RUSSIA – PepsiCo has decided to completely stop production of Pepsi, 7UP, and Mountain Dew in Russia, nearly six months after the beverage giant announced the suspension of sales and production of its products in the country.
In a statement to Reuters, the American company said it is selling the last stocks of PepsiCo products, made back in July-August from the remnants of concentrates needed for production.
“Over time, all of its concentrates in Russia were exhausted, and production ceased,” PepsiCo’s spokesman said.
At the same time, the company’s representative did not comment on the sale of drinks in stores and whether they were discontinued, however, according to a Reuter’s survey, sodas are still widely available in Moscow, as well as Vladivostok in the Far East and Krasnoyarsk in Siberia.
The company noted that the decision, which has now been announced, “is consistent with the statement that was made in March 2022” when PepsiCo announced that it was suspending the sale of drinks in Russia, as well as advertising activities but production continued until August 2022.
PepsiCo, in March, said it would continue to sell FMCG products in Russia, such as milk and other dairy products, infant formula, and baby food.
The company has been operating in Russia for more than 60 years, and its circles were one of the few Western products allowed in the Soviet Union before its collapse.
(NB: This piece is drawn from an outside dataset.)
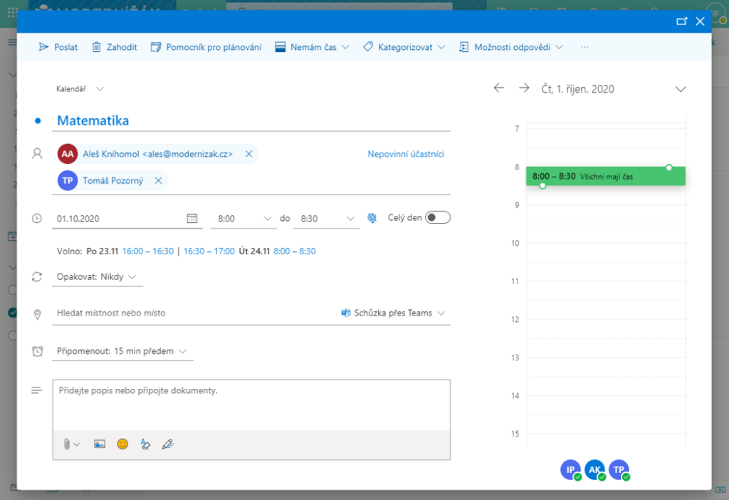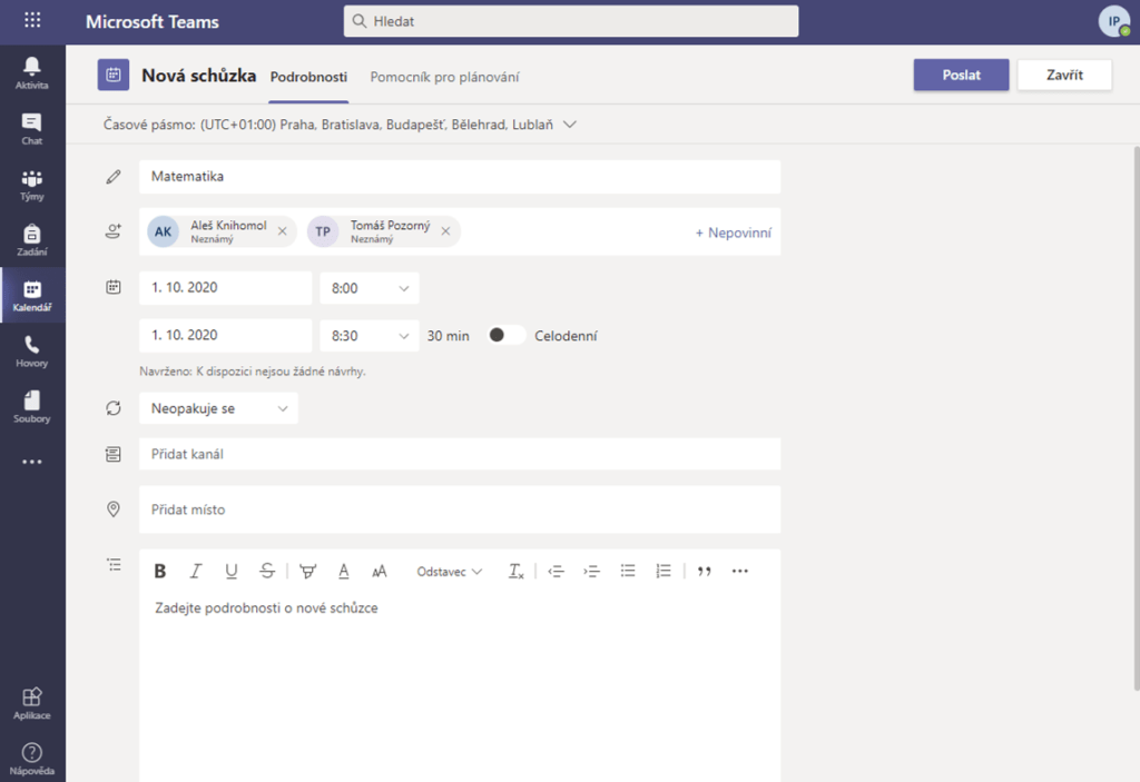Nezapomeňte na závěr kliknout na tlačítko Poslat vlevo nahoře, tím se hodina uloží do kalendáře vašeho a také všech účastníků.

Local manufacturers increase capacity to meet surging demand
Meanwhile, Russian drinks producer Ochakovo said it had increased the annual bottling capacity of its CoolCola, Fancy, and Street soft drinks by 2.5 times to try and plug the gap in the market left by exiting Western brands.
Ochakovo, which produces beer, juices, and carbonated soft drinks similar to Coke, Fanta, and Sprite, said it had increased its bottling capacity to 125 million decalitres a year from 50 million, to meet the surging demand occasioned by the disappearance of western drinks, leaving local manufacturers to step in.
Rival Chernogolovka is aiming for a 50% share of Russia’s nearly US$9 billion soft drinks market now that Coca-Cola has reduced operations, its CEO told Reuters this month. The company started making Cola Chernogolovka in May.
Newly launched cola brands, including Ochakovo and Chernogolovka, jumped to a 5% share of sales in the category in the first half of 2022, NielsenIQ Russia said.
Coca-Cola HBC AG, one of Coca-Cola’s many bottlers worldwide, recently announced it took a one-time hit of 190 million euros ($193 million) in the first half from costs related to its Russian business after it stopped selling Coke and other products in Russia.
Western companies with iconic brands like Coca-Cola that exit Russia faces years of battling knockoffs and unauthorized imports clamoring to fill the void they leave behind, as well as courts with little sympathy for firms that depart.